It's well known that $PV(\frac{1}{x})$ defined as $PV(\frac{1}{x})(u)=\int_{0}^{+\infty} \frac{u(x)-u(-x)}{x} \, dx$ is a distribution over $\mathbb{R}$. I think that this distribution is not of the form $u \mapsto \int_{\mathbb{R}} u \, d\mu$ for some Borel measure $\mu$ on real numbers (and so this is not even associated to some $f \in L^1_{loc}({\mathbb{R}}$).
I found this topic Principal value of $1/x$ does not arise from either a locally integrable function or a Radon measure but I couldn't understand the solution (I got why the inequality should hold but how can we find that test function and how we get to the contradiction?).
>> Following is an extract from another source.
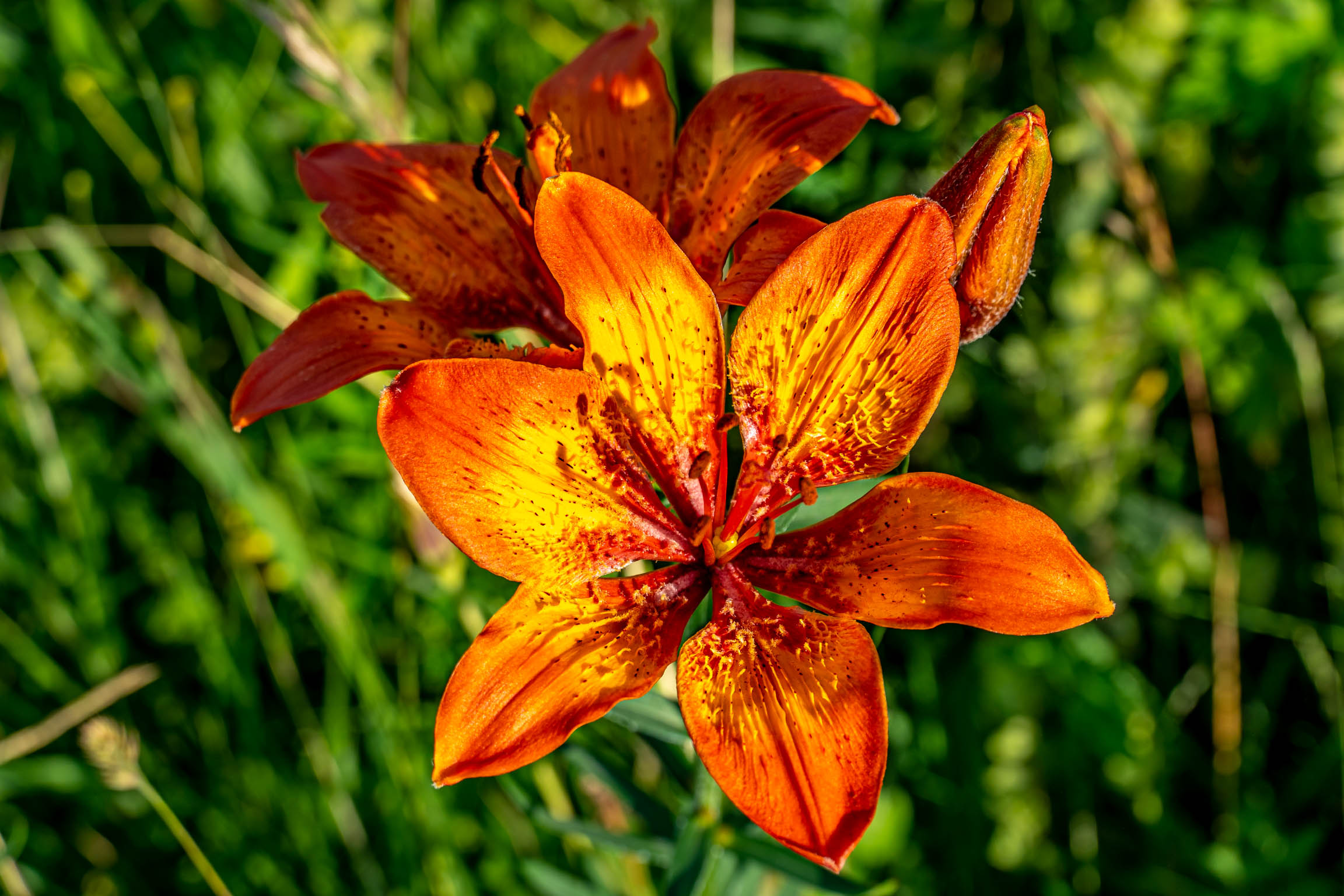 Die Feuerlilie, auch Wilde Gilgen oder Donnerblume genannt kann bis zu einen Meter hoch werden. Wenn Sie den Blick von den ein bis fünf großen, gelb-rot bis leiche rot gefärbten Blüten lassen können und ihn weiter nach unten richten, werden Ihnen die erbsengroßen Kügelchen zwischen Laubblatt und Stängeln auffallen. Diese Kügelchen sind Teil der Vermehrungsstrategie der Feuerlilie. Auch Insekten sind ganz bezaubert von der Lilie und sind ganz Feuer und Flamme, die leuchtenden Blüten zu bestäuben.

The Riesz-Markov-Kakutani theorem says that Borel measures on $[a,b]$ are continuous linear functionals on continuous functions with sup norm. (On the whole real line, we'd need a "strict colimit topology", but the question here is really about what happens near $0$, so we can ignore that complication.)
For continuity, that'd mean that there is a constant $C$ such that $\Big|PV\int_{-1}^1 {f(x)\over x}\,dx\Big|\le C\cdot \sup|f|$ for all continuous $f$ on $[-1,1]$. It is an exercise to see that there is no such constant.